A few weeks ago, there was a LinkedIn post (I can’t find it anymore) that covered something about how indexes were used by COUNT in SQL. I think it may have been based on SQL Server, but I am not sure (it is rare that one of the SQL posts on LinkedIn mentions a platform). At the time, I went and tried a few of the mentioned cases and realized this was an interesting question: how does the COUNT aggregate use indexes when you use various different expressions.

I will try the following cases, which I present first, to see if you have a guess which will use or not use an index.

COUNT(*)
COUNT(Literal Expression) (Like COUNT(1) or COUNT(1+100)
COUNT(PRIMARY KEY column)
COUNT(Column that doesn't allow NULL values)
COUNT(Column that Allows NULL values)

Most of these will be counting columns or expressions that are not NULL, but there is one case where a NULL does make a difference.

Note: it is rare that you will actually need to execute a query to just fetch all rows from a table. But it is useful to understand what occurs when you do, because it can help you understand what the engine may do in similar cases. Plus it is kind of fun to do these sort of out there thought tests that challenge you to understand how some process occurs in your database engine.
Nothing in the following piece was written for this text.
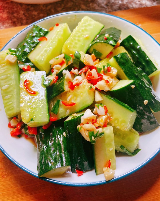 传统做法咱也熟悉,黄瓜洗净后放案板上,用菜刀横拍至裂开,再切小块,拍裂是为了更易入味。然后加盐抓腌3分钟,挤掉渗出的水保持脆感,接着加蒜末、小米椒圈、生抽、香醋、香油拌匀就行。但这里面也有小窍门哦,黄瓜冷藏后再拍更脆,用宽面菜刀拍打更易裂开入味。

Picking my table to work with (and another technique)

To do this, I decided to find the largest tables in the Adventureworks2025 datababase (AdventureWorks2025 Download). To do this I will use one additional technique for finding the rowcount in a table, or all tables in a database.

You can do this by querying the sys.partitions table (grouping by index_id, as all partitions are in this system view, then filtering for index_id in 0,1 because this is either the heap or clustered physical structure.)

SELECT TOP 1 OBJECT_SCHEMA_NAME(p.object_id) AS SchemaName,
       MAX(o.name) AS OjectName,
       SUM(p.rows) AS Rows
--there may be > 1 partition
FROM   sys.partitions AS p
          JOIN sys.objects AS o
             ON o.object_id = p.object_id
WHERE p.index_id IN (0,1) -- heap or clustered
  AND OBJECT_SCHEMA_NAME(o.object_id) != 'sys'
GROUP BY p.object_id, p.index_id
ORDER by Rows DESC;

If you don’t need a filtered/concurrency safe/transactionally consistent count of all the rows in a table, this is the best way to do it for sure.

From this database, I looked for the largest table, then I will check to see if it supports the scenarios I am looking for well enough in a pretty large table:

SchemaName         OjectName           Rows
------------------ ------------------- ----------------
Sales              SalesOrderDetail    121317

Using this age-old system procedure, I can see that it is good enough for this discussion.

EXEC sp_help 'sales.salesorderdetail';

I won’t show the details, but I see that:

There is a clustered compound primary key (PK_SalesOrderDetail_SalesOrderID_SalesOrderDetailID)
There is a unique key on a guid (AK_SalesOrderDetail_rowguid)
There is an index on (IX_SalesOrderDetail_ProductID)
There is a nullable column – CarrierTrackingNumber nvarchar(50)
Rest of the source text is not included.